I am building a web crawler which has to crawl hundreds of websites. My crawler keeps a list of urls already crawled. Whenever crawler is going to crawl a new page, it first searches the list of urls already crawled and if it is already listed the crawler skips to the next url and so on. Once the url has been crawled, it is added to the list.

Currently, I am using binary search to search the url list, but the problem is that once the list grows large, searching becomes very slow. So, my question is that what algorithm can I use in order to search a list of urls (size of list grows to about 20k to 100k daily).

Crawler is currently coded in Python. But I am going to port it to C++ or other better languages.

Sean Bright
  • 118,630
  • 17
  • 138
  • 146
Dr. Sahib
  • 156
  • 10
  • 2
    Why is java tagged? Also, maybe read up on the Trie. – nbryans Jun 23 '16 at 17:20
  • 1
    Given that your list is already sorted since you are using binary search, I don't think you can have a better solution than binary search. Have you tried timing the compute-intensive parts of the program. My guess is that the bottleneck is probably not the search algorithm but the sort one? – user3813674 Jun 23 '16 at 17:23
  • You can always try using a dictionary- dict lookups are very efficient since they hash instead of checking for string matches (which are really bad since URL's will usually start with several of the same). A hash search will be quicker since string comparison is slow anyways. – Delioth Jun 23 '16 at 17:25
  • If you have enough memory, you can hash the url then pickle it – galaxyan Jun 23 '16 at 17:25
  • Binary search has failed miserably, especially because most part of the URL remains the same (e.g. https, www and domain name) – Dr. Sahib Jun 23 '16 at 17:26
  • @galaxyan what purpose does the pickling fill? – Delioth Jun 23 '16 at 17:27
  • 100k strings? That's nothing. But why are you using a list instead of a set? – Stefan Pochmann Jun 23 '16 at 17:28
  • @Delioth every time after done with running code, it needs to store in somewhere – galaxyan Jun 23 '16 at 17:28
  • @StefanPochmann Its a binary search list (sorted) – Dr. Sahib Jun 23 '16 at 17:30
  • @Dr.Sahib But why? That just seems silly. – Stefan Pochmann Jun 23 '16 at 17:31
  • 1
    @StefanPochmann Its silly, that's why I am asking a question on stack overflow – Dr.
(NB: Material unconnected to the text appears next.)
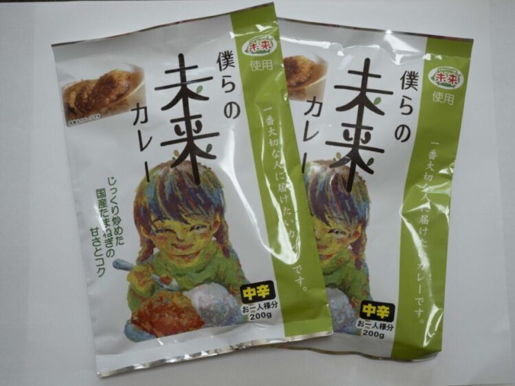 「僕らの未来カレー」という名のレトルトは抗生物質や合成抗菌剤を一切使用しない「えばらハーブ豚未来」を味わえる贅沢で美味しくて安全・安心なカレー。肉は旨味が濃く、すごい弾力。簡単に高級店のカレーを楽しめます。販売は「群馬ミート」。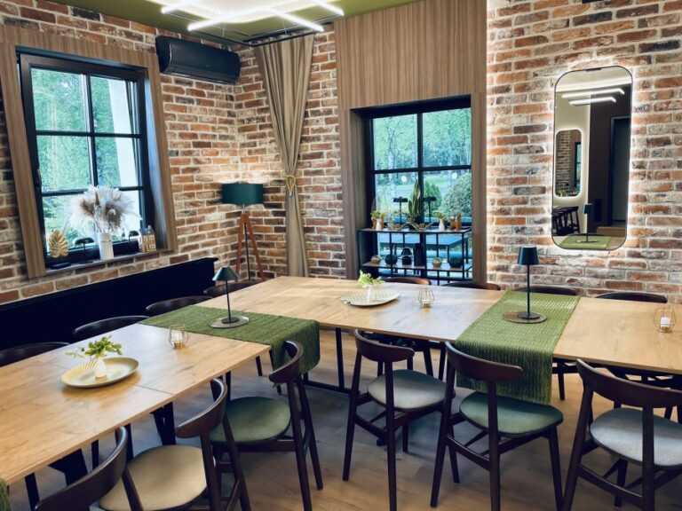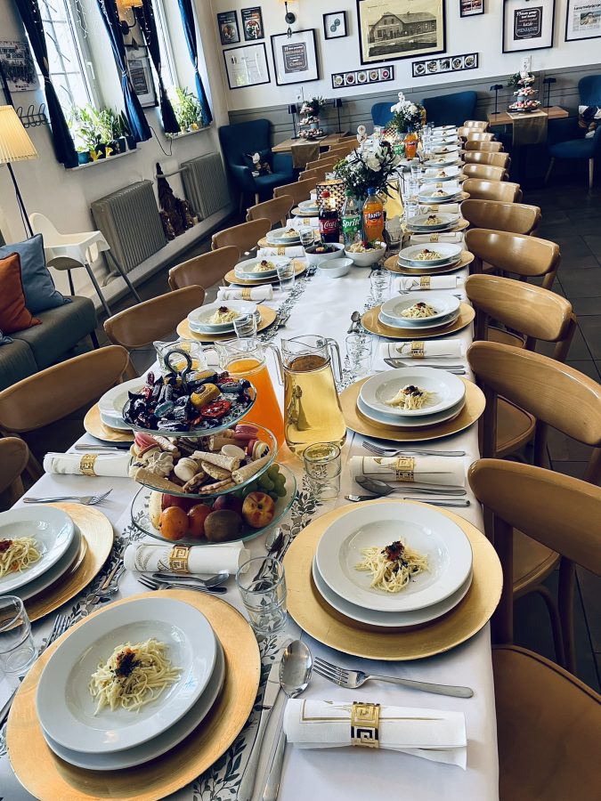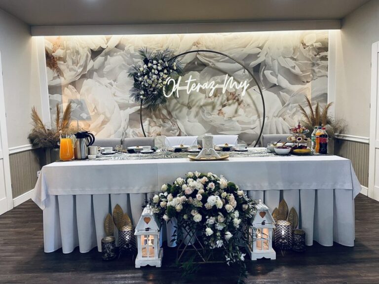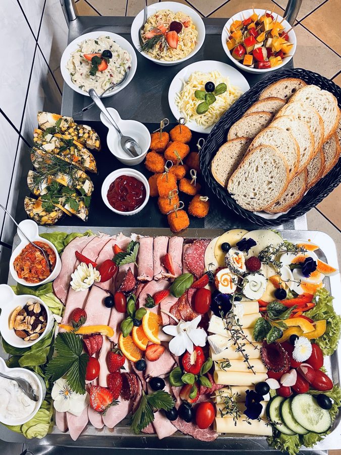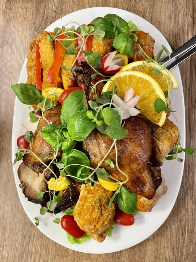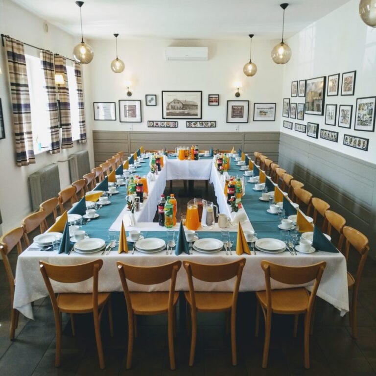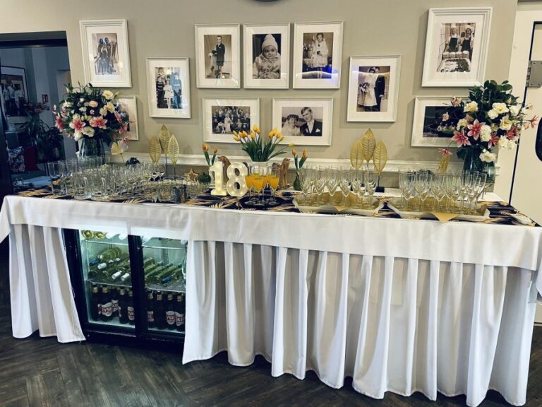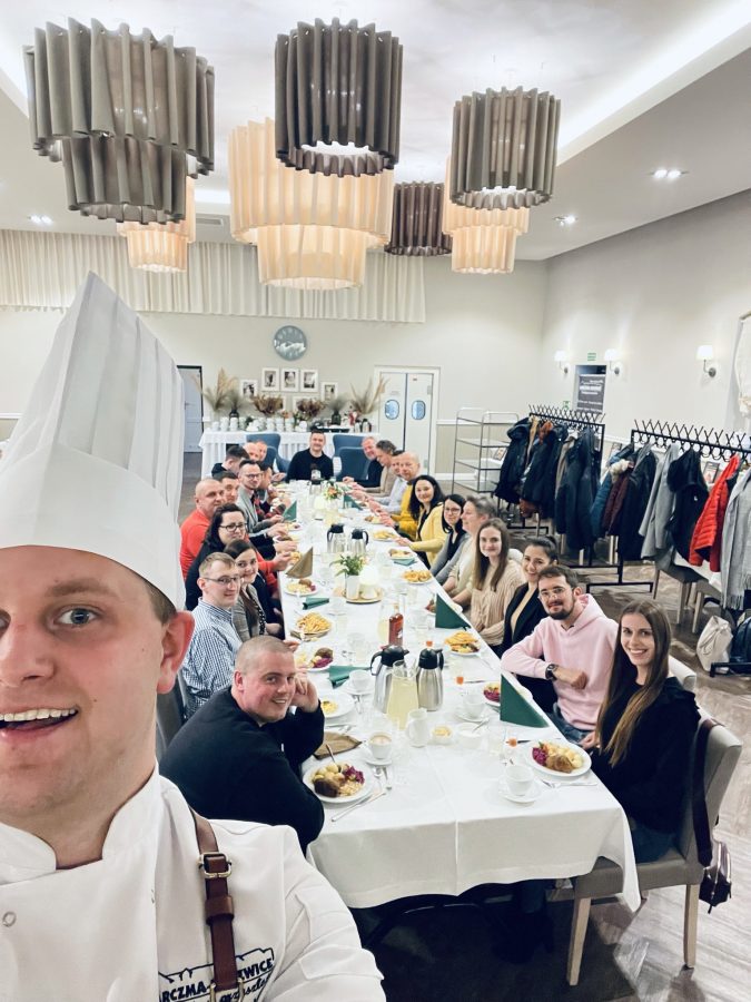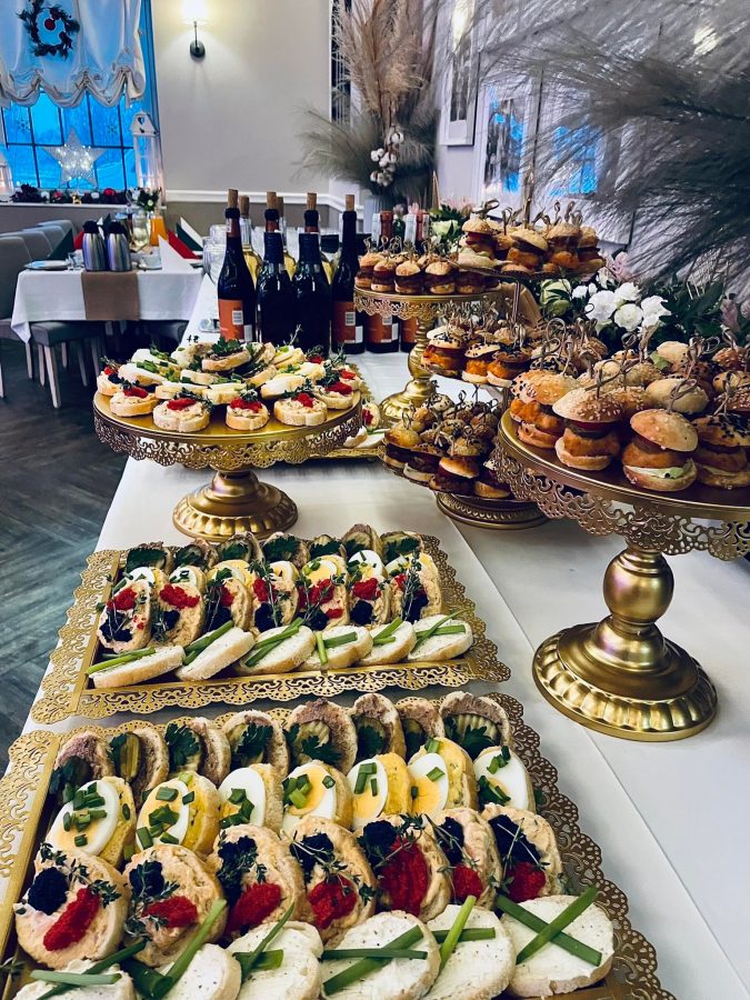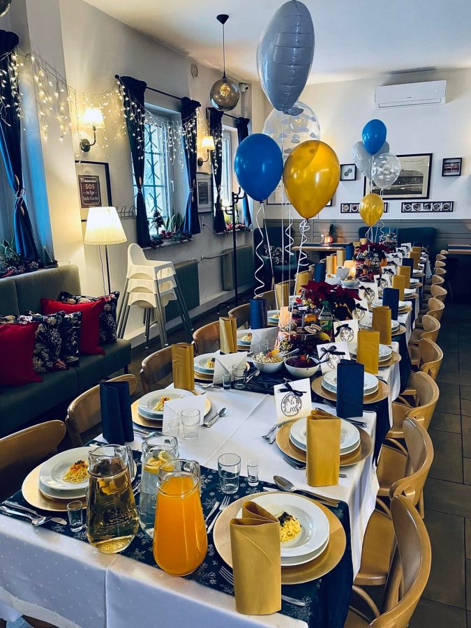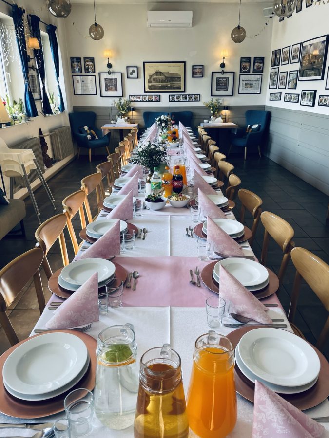 Galeria Sala restauracyjna do 40 osób Sala imprezowa do 100 osób Sala konferencyjna do 60 osób Ogród Karczmy Nasze własne słodkie i słone stoły z oferty imprezowej Dania serwowane w restauracji Dania imprezowe Ciasta i torty imprezowe Catering

Sahib Jun 23 '16 at 17:37
  • have a look at the experiments I did with lookup speeds: http://stackoverflow.com/questions/36392583/is-an-unordered-map-really-faster-than-a-map-in-practice TL;DR - use an unordered_map, every time. – Richard Hodges Jun 23 '16 at 17:41

2 Answers2

3

You have to decide at some point just how large you want your crawled list to become. Up to a few tens of millions of items, you can probably just store the URLs in a hash map or dictionary, which gives you O(1) lookup.

In any case, with an average URL length of about 80 characters (that was my experience five years ago when I was running a distributed crawler), you're only going to get about 10 million URLs per gigabyte. So you have to start thinking about either compressing the data or allowing re-crawl after some amount of time. If you're only adding 100,000 URLs per day, then it would take you 100 days to crawl 10 million URLs. That's probably enough time to allow re-crawl.

If those are your limitations, then I would suggest a simple dictionary or hash map that's keyed by URL. The value should contain the last crawl date and any other information that you think is pertinent to keep. Limit that data structure to 10 million URLs. It'll probably eat up close to 2 GB of space, what with dictionary overhead and such.

You will have to prune it periodically. My suggestion would be to have a timer that runs once per day and cleans out any URLs that were crawled more than X days ago. In this case, you'd probably set X to 100. That gives you 100 days of 100,000 URLs per day.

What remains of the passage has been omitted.